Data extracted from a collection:
- - -
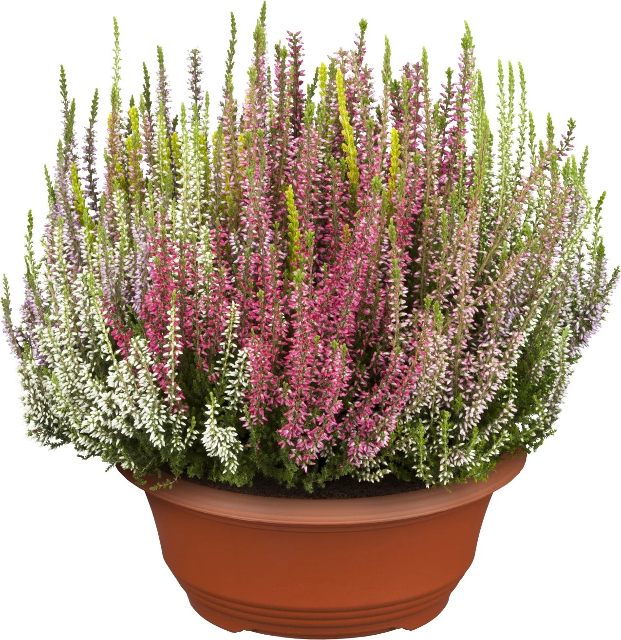 Vřes obecný Beauty Ladies - High Five (Calluna vulgaris) patří do špičkového sortimentu. Tvoří druhovou skupinu vřesu obecného, která neotvírá květní pupeny. Barvy těchto početných pupenů a listů přesto intenzivně září mnoha odstíny. Tato miska obsahuje pět různých barev poupat v jednom květináči.
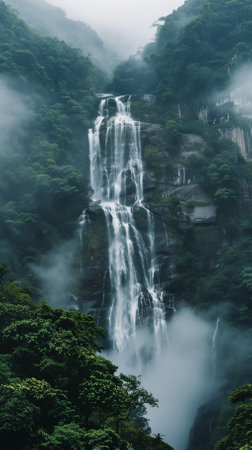 A vertical shot of a beautiful landscape with a waterfall in a forest
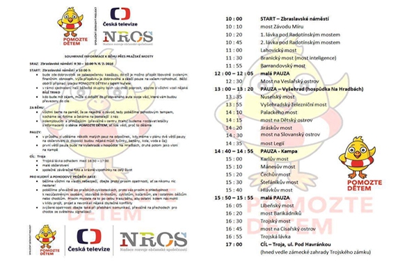srdečně vás zveme na druhý ročník charitativního nezávodního výběhu přes pražské říční mosty. Startujeme v sobotu 6. února 10 hodin ze Zbraslavského náměstí. Pokusili jsme se sestavit časový harmonogram, ve kterém máme tak cca ½ hodinovou skrytou rezervu, takže doufáme, že do 17 hodin doběhne do Troje. Pokud by se chtěl někdo připojit nebo naopak odpojit cestou, berte prosím časy jen orientačně a raději počítejte s nějakou odchylkou.
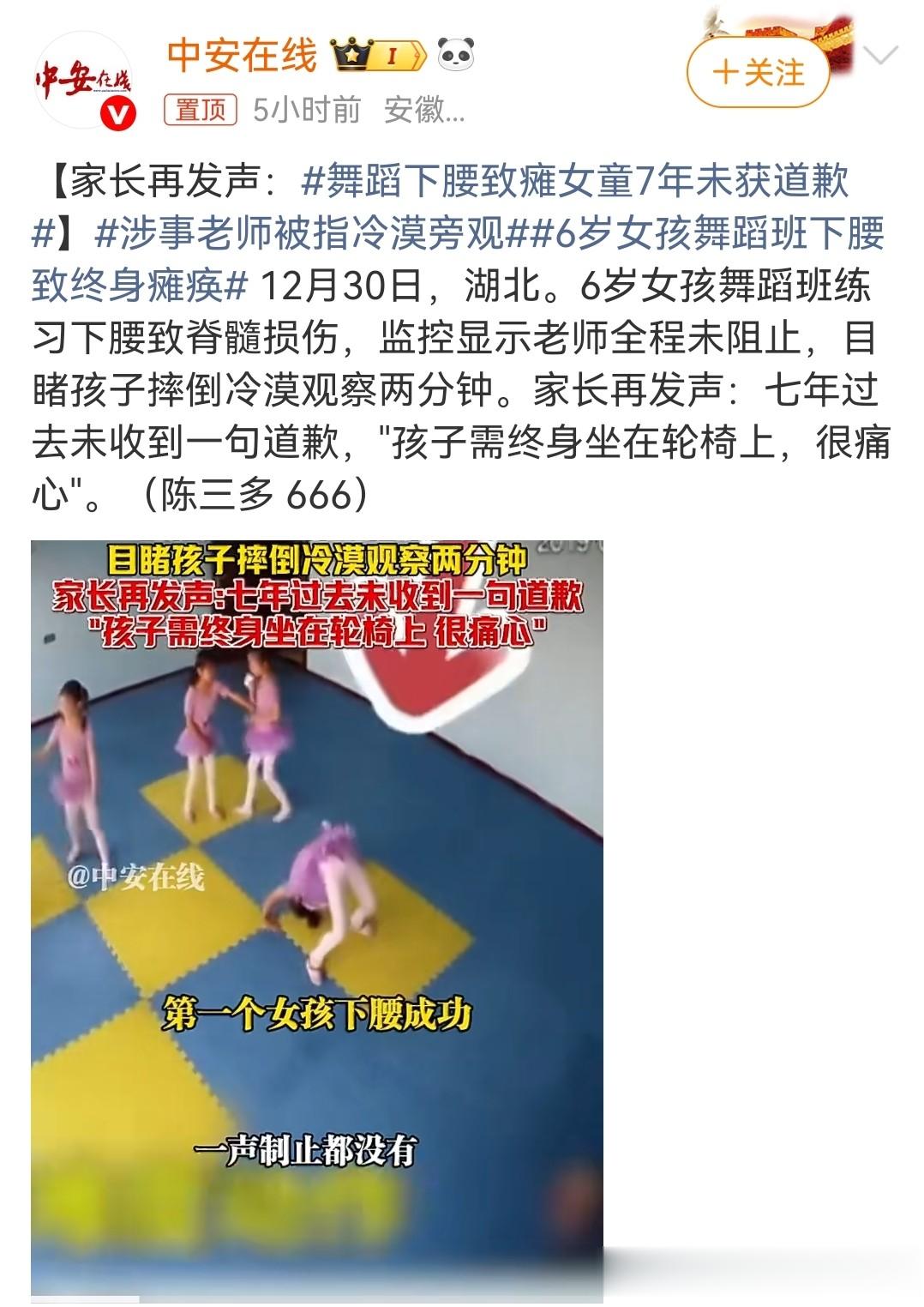 而在湖北,有一6岁小女孩在上舞蹈课时,因自己练习下腰而导致脊髓损伤,造成了终身瘫痪。
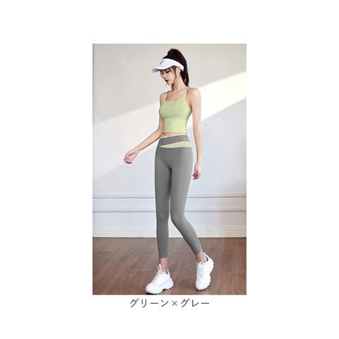 ヨガウェア 上下セット 体型カバー【グリーン×グレー】【Sサイズ】
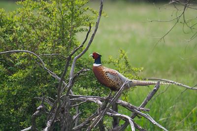 Introduced to the mass of Montana wildlife in the early 20th century, pheasants are often found in areas where native prairie and cropland intermingle. The males are unmistakable, gaudy even, with their scarlet face patch, white collar, and complex iridescent plumage. Females are a much more subdued, mottled brown pattern. Pheasants, which can weigh upwards of three pounds, will resist flying if possible. They are large animals whose food base of insects, grain seed and berries is almost entirely terrestrial. While a poor flyer, a pheasant is a fantastic runner. If a predator is spotted at a distance (such as your car rapidly approaching), the bird will often scuttle away at an impressive rate of speed. Unfortunately, many pheasants unwillingly end up as hood ornaments because of this tactic!
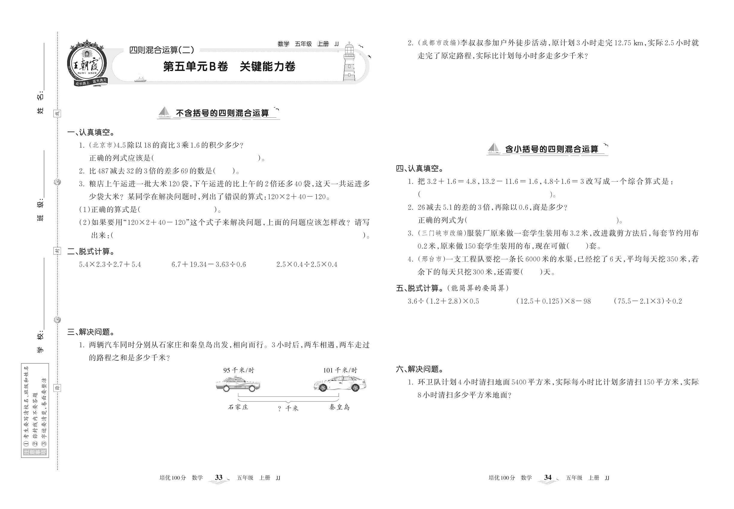 2022上册五年级数学冀教版 第五单元B卷 关键能力卷
- - -
**TASK TO CARRY OUT:** Would you reproduce the lines above, from the very first through the line containing "ヨガウェア 上下セット 体型カバー【グリーン×グレー】【Sサイズ】", exactly and without the pictures?

**ANSWER:**
 Vřes obecný Beauty Ladies - High Five (Calluna vulgaris) patří do špičkového sortimentu. Tvoří druhovou skupinu vřesu obecného, která neotvírá květní pupeny. Barvy těchto početných pupenů a listů přesto intenzivně září mnoha odstíny. Tato miska obsahuje pět různých barev poupat v jednom květináči.
 A vertical shot of a beautiful landscape with a waterfall in a forest
srdečně vás zveme na druhý ročník charitativního nezávodního výběhu přes pražské říční mosty. Startujeme v sobotu 6. února 10 hodin ze Zbraslavského náměstí. Pokusili jsme se sestavit časový harmonogram, ve kterém máme tak cca ½ hodinovou skrytou rezervu, takže doufáme, že do 17 hodin doběhne do Troje. Pokud by se chtěl někdo připojit nebo naopak odpojit cestou, berte prosím časy jen orientačně a raději počítejte s nějakou odchylkou.
 而在湖北,有一6岁小女孩在上舞蹈课时,因自己练习下腰而导致脊髓损伤,造成了终身瘫痪。
 ヨガウェア 上下セット 体型カバー【グリーン×グレー】【Sサイズ】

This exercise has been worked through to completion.